ここから本文です

英総選挙、保守党が過半数見通しもリード縮小-ユーガブ最新調査

2019/12/11(水) 11:17配信

Bloomberg

(ブルームバーグ): 12日投開票の英下院選(定数650)で、ジョンソン首相率いる与党保守党が過半数の339議席を獲得する見通しが、ユーガブが10日公表した最新世論調査の結果で明らかになった。

MRPと呼ばれる統計手法を用いた最新調査の結果、保守党の予想議席は前回調査の359から減った。獲得が見込まれる保守党の議席から残りの議席を差し引いた差も前回の68から28に縮小した。

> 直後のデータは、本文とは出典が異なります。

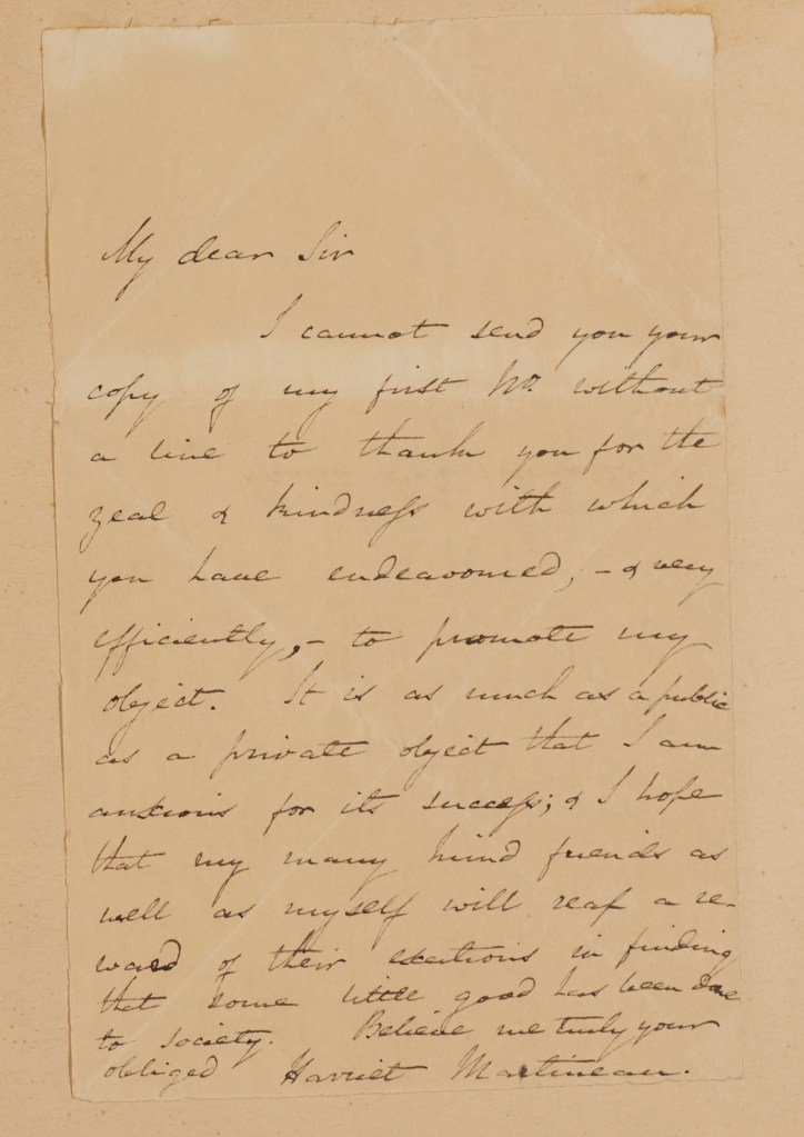 In an undated letter to Horatio Bolingbroke, Martineau thanks him for his aid in getting her ‘object’ completed. While this could signify any of her books, the final line of this letter is especially interesting. Martineau comments that she hopes it will bring a ‘little good to society’. This quotation suggests that the works created after a woman’s travels or research are integral to enacting a change. This indication of activism and an intention of revolutionising something, in however small a way, is admirable in Martineau, especially since this comes almost half a century before the women’s votes campaign and two centuries before the Black Lives Matters protests of today.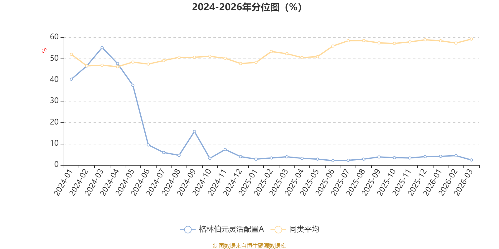 通过所选区间该基金净值增长率分位图,可以观察该基金与同类基金业绩比较情况。图为坐标原点到区间内某时点的净值增长率在同类基金中的分位数。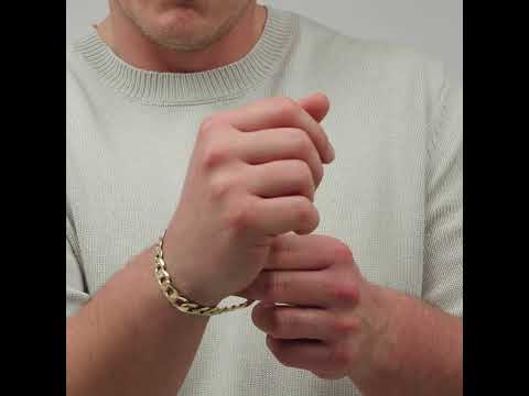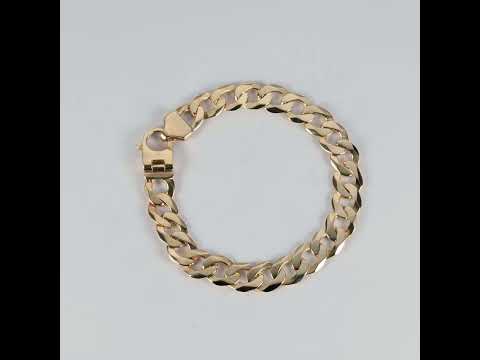 9ct Gold Solid Bevelled Edge Curb Bracelet - 11mm - 8.25" - 9" Gents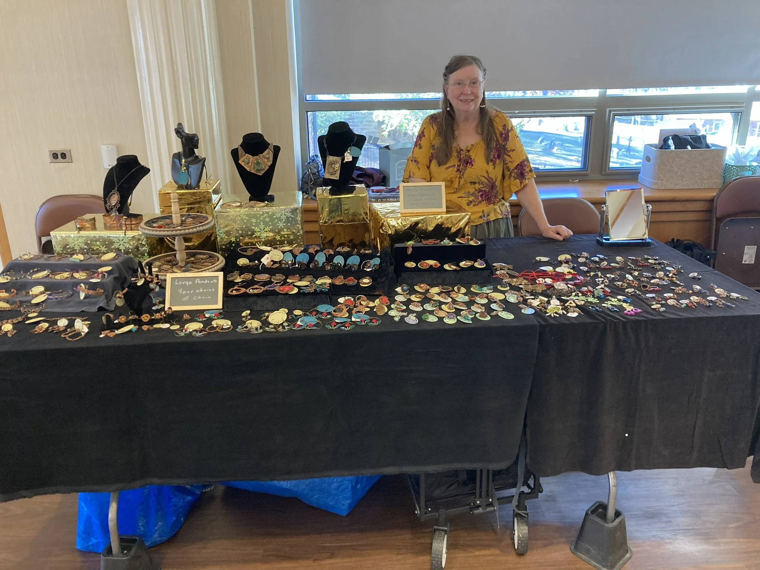 Bespoke handcrafted jewelry, including necklaces, sculpted earrings, paper-crafted and painted bookmarks, and small handmade journals; hand-painted/laser-printed wood ornaments; glitter and painted holiday ornaments. Handmade stone beaded intentions bracelets, handmade stone earrings, and tumbled stones.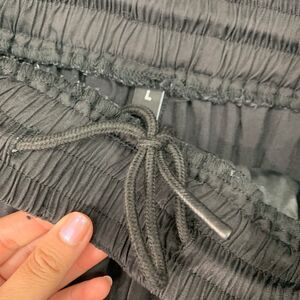 BJHG PANTS MENS L LARGE BLACK PLEATED DRAWSTRING WIDE LEG ELASTIC WAIST POCKET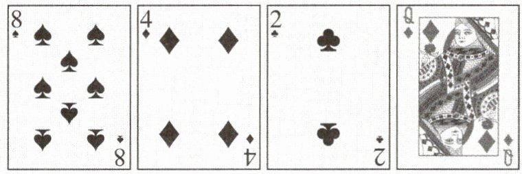 7. 嘉嘉和琪琪在玩“24 点”游戏,游戏规则是从一副扑克牌(去掉大、小王)中任意抽取 4 张,把牌面上的数运用你所学过的运算(可以使用括号)得出 24。每张牌必须使用一次且只能用一次。嘉嘉抽到的 4 张牌如下(Q 代表 12),请帮他写出一个计算结果为 24 的算式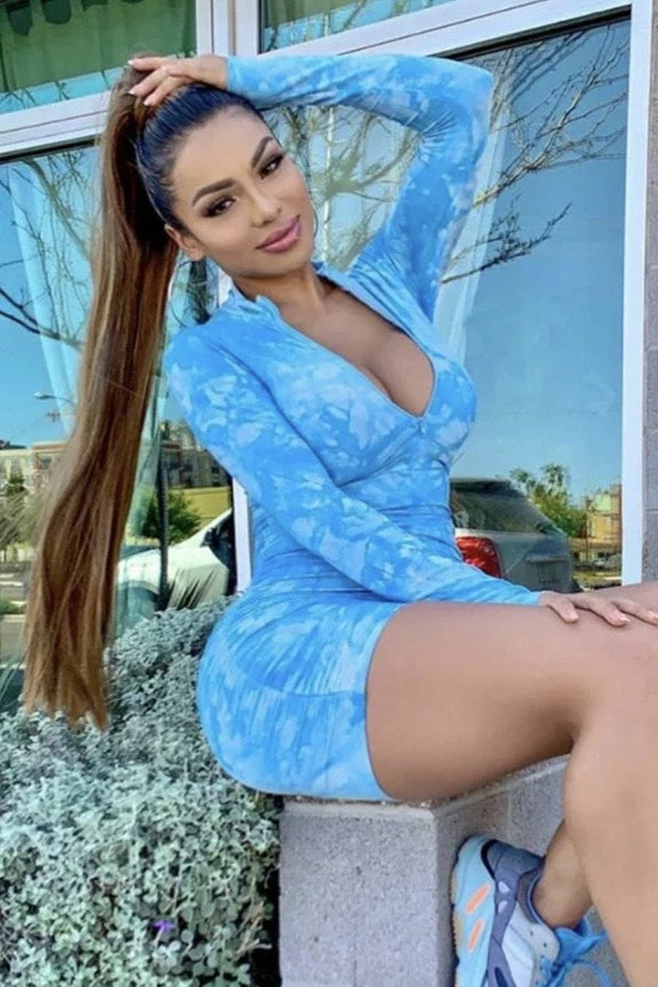 Look like an absolute style queen in this romper! Featuring a tie dye printed material, long sleeves, zipper closure, high neckline, and ruched detailing.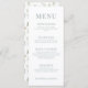 Aumente el encanto de su recepción nupcial con estas sofisticadas y elegantes tarjetas de menú botánico boda. Decorada con delicados guiones de caligrafía verde polvorienta y hojas de eucalipto con vegetación en la parte posterior.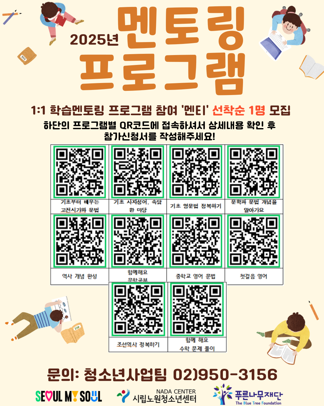 2025년 1:1 학습 멘토링 프로그램 참여 ‘멘티’를 선착순 1명 모집하오니 관심있으신 분들께서는 하단의 포스터를 참고하시어 신청 부탁드립니다.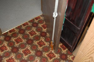 In the morning I heard Carl leave for work. I soon got up and took my shower. As I was getting dressed I heard clunk clunk. I descended the stairs and found this fitness jump rope swinging lightly in the breeze on the office door.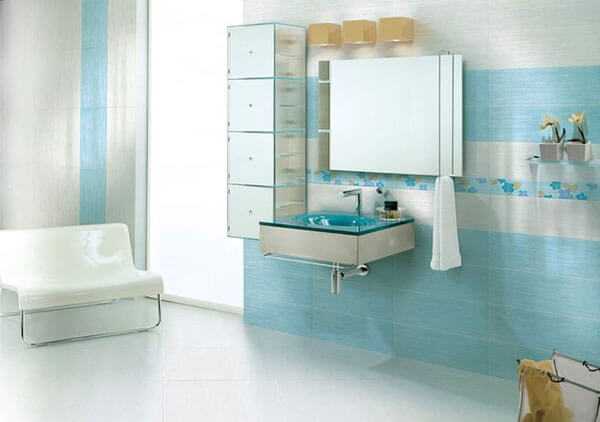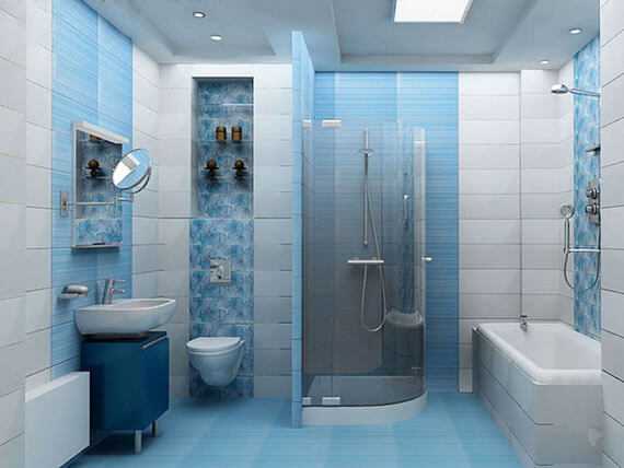 Считается, что более холодные тона добавляют объем помещению, а более теплые его немного уменьшают. Поэтому более выигрышно при маленьком размере комнаты будет смотреться светлый кафель различных оттенков синего цвета.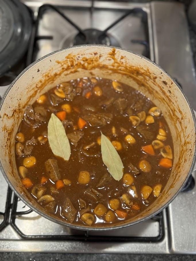 - Pour in the beef stock and add the Worcestershire sauce and bay leaves. Cover and reduce the heat to medium low. Simmer for an hour covered.

英紙タイムズによれば、今回の調査で議席は最大367と予測されているが、311と過半数に達しない可能性もある。今回の結果を受け、ポンド相場は一時0.2%下落した。

調査が正しければ、選挙情勢が最終盤で厳しさを増したことを意味する。最大野党・労働党の追い上げが続けば、保守党が過半数に届かない可能性も否定できない。

調査結果によると、労働党の獲得議席は231にとどまる見込み。他の主要政党の予想議席はスコットランド民族党(SNP)が41、自由民主党が15。ナイジェル・ファラージュ氏率いる「ブレグジット党」は議席が得られそうにない。保守党は前回選挙で317議席を獲得した。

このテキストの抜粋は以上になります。